Şimdi bana diyeceksiniz ki; “Hocam bu ne iş, sizin çocukların beslenmesi ile ne alakanız var.” Doğru dersiniz, benim beslenme ile ne işim olabilir. Bunca yıllık ömrümde bir yumurta bile pişirmemiş birisiyim. Bekârlığımda, evliliğimde önüme ne gelmişse yemişimdir. Sonra bu işin uzmanları ve yaşam boyu yemekler yaparak uzmanlaşan anneleri var. Hal böyleyken beslenme işi benim neyime? Okurlarımın gülümsediğini görür gibi oluyorum.

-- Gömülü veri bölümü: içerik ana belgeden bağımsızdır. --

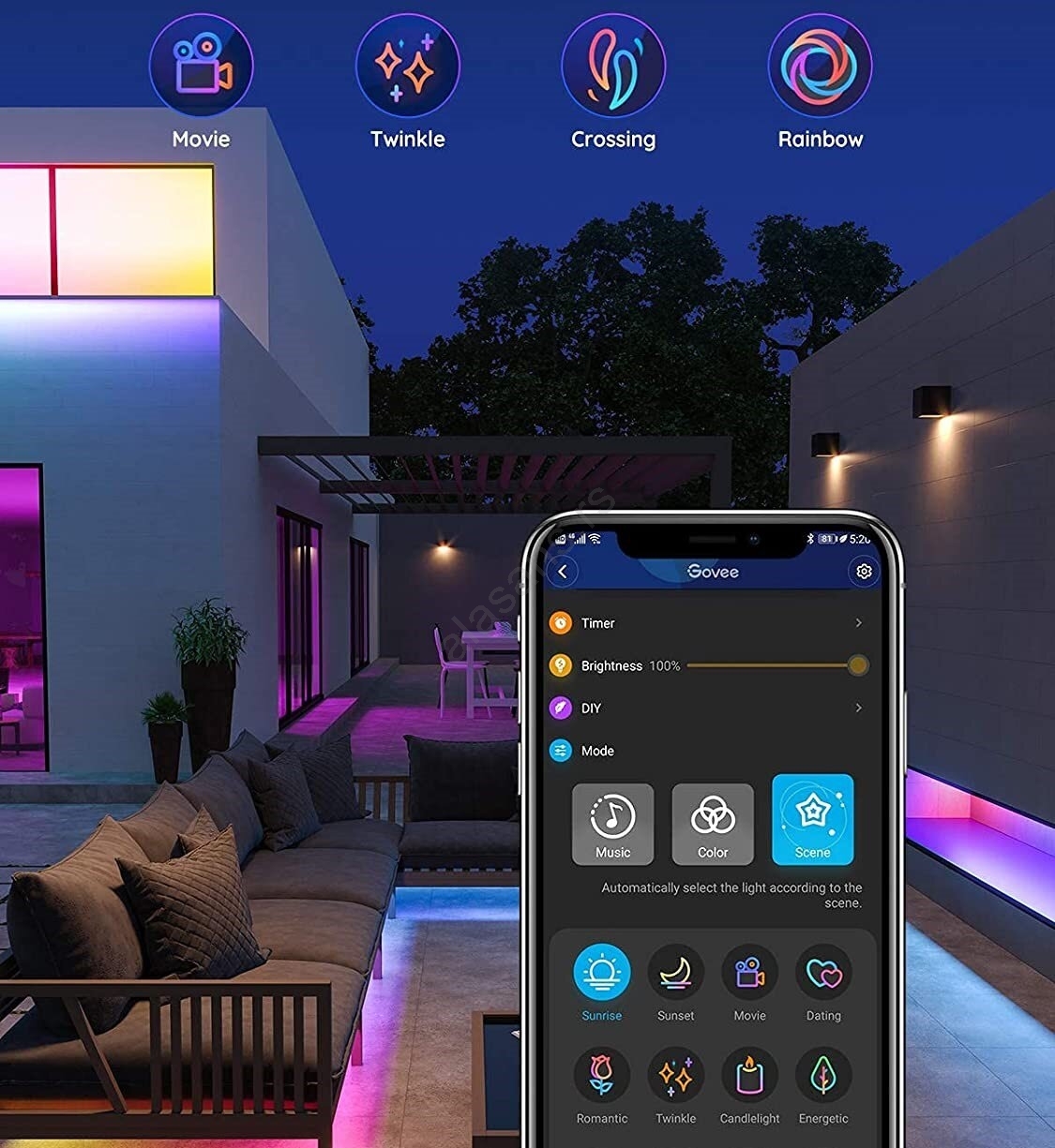 • Dobićete pristup funkcijama tajmera, DIY paletama boja, video režimu, sinhronizaciji muzike i scenskim režimima.

Fakat benim gündeme getireceğim konu biraz farklı. İnsanlar meslek hayatında, gün içinde yaşayarak birçok şeyler görüyorlar, deneyim ve bilgi sahibi oluyorlar. Bende eğitimci olmamdan dolayı, bu sektörde çok şeyler görüp, çok olaylar yaşadım. Bazen güldüm, bazen gözlerim doldu, bazen de çok şaşırdım. Beslenmenin mutlaka bilimsel bir açıklaması var. Bu durum tamamen uzmanlarının konusudur. Benim tek kelime etme şansım ve hakkım yok. Zaten televizyonlarda (doğru yanlış) her gün konuşanlar var.
Gelelim benim olumsuz yönde tanık olduğum beslenme konularına; herkesin hoşgörüsüne sığınarak söylemek istiyorum. Ben uzun yıllar okullarda ve dershanelerde yöneticilik yaptım. Bu bağlamda benim beslenme ile ilgili düşüncelerim sadece öğrenciler üzerinedir. Anne ve babası çalışan çocuklar, anne ve babası ayrı olan çocuklar, anne ve babasından birini kaybetmiş olan çocuklar hep sorunlu çocuklardı. Bu sorunlar çeşitli eğitim alanındaki başarı durumunda ve davranış biçimlerinde olduğu gibi, beslenme durumunda da kendini gösteriyordu. Şöyle ki; aile ilgisi kısıtlı olan öğrencilerimiz çok dengesiz beslenme ile karşı karşıyaydılar. Ders aralarında okul ve dershane kantininde karın doyurmak çok hoşlarına giderdi. Ama ne var ki; yedikleri hamburger, tost, çikolata, kraker cinsi yiyeceklerdi. Şimdi hiç alanım olmadığı halde sormak isterim. “Bu gıdaları sürekli tüketmek uygun mu?”
Bir dershanede çalışırken, yüksek lisansının konusu “eğitim kurumlarında beslenme” olan rehber öğretmenimizin çok ilginç bir değerlendirmesi vardı. Yemeğini aile ortamı dışında yemek zorunda kalan çocukların yüzde seksen sekizinin çok kilolu olduğuydu. Hormonlu bir beslenmenin doğal sonucudur tespitini öne sürmüştü. Bu tabii tartışmaya açık bir konudur. Ancak şunu da artık herkesin bilmesi gerekir diye düşünüyorum. Bu tür beslenme ile obezite durumu kaçınılmaz bir gerçektir. Bu durumla karşı karşıya kalan yavrularımız gelecekte çok zorda kalacaklardır. Günlük yaşamları çok sorunlu olacaktır. Bu durumu hemen hepimiz günlük olarak çevremizde görmekteyiz. Ülkemiz dahil tüm dünya sosyal medyasında obeziteye karşı çok önemli yayınlar yapılmaktadır.
HAL BÖYLE İKEN:
Anneler babalar, öğretmen arkadaşlarım; sizlerin görevi, geleceğimiz olan çocuklarımızın eğitimini, geleceğini, mesleğini ne kadar düşündüğünüzü anlarım. Onları hayata hazırlamak, ülkesine, yararlı bir insan olarak yetiştirmek asıl görevinizdir. Ayrıca sağlıklı, içkiden, sigaradan, uyuşturucudan uzak tutmak da görevinizdir.
Bütün bunların yanında beslenme olayına oldum olası sadece “karın doyurma” olayı olarak bakarız. Bu bizim kültür dokumuzdur. Televizyonlarda her gün bu alanda yayınlar yapılır. Kaçımız dinler, kaçımız uygulamak isteriz hiç düşündünüz mü? Biraz düşünelim o zaman, yaşamımızın gözbebeği olan yavrularımızın sağlıklı gelişmeleri ve obezite illetinden kurtulmaları için biraz gayret gösterelim. Okuyalım, araştıralım, uygulayalım, ertelemeyelim. Yarın çok geç olacaktır.
Öncelikle yemeğini okullarda yemek zorunda kalan öğrencilerin velileri denetim yapmalıdırlar. Adı dershane olmayıp, dershane işlevini devam ettiren kurumların kantinleri Milli Eğitim yetkililerince denetlenmelidir. Bu çocuklar hepimizin, hepsi senin benim değil bu vatanın çocuklarıdır unutmayalım.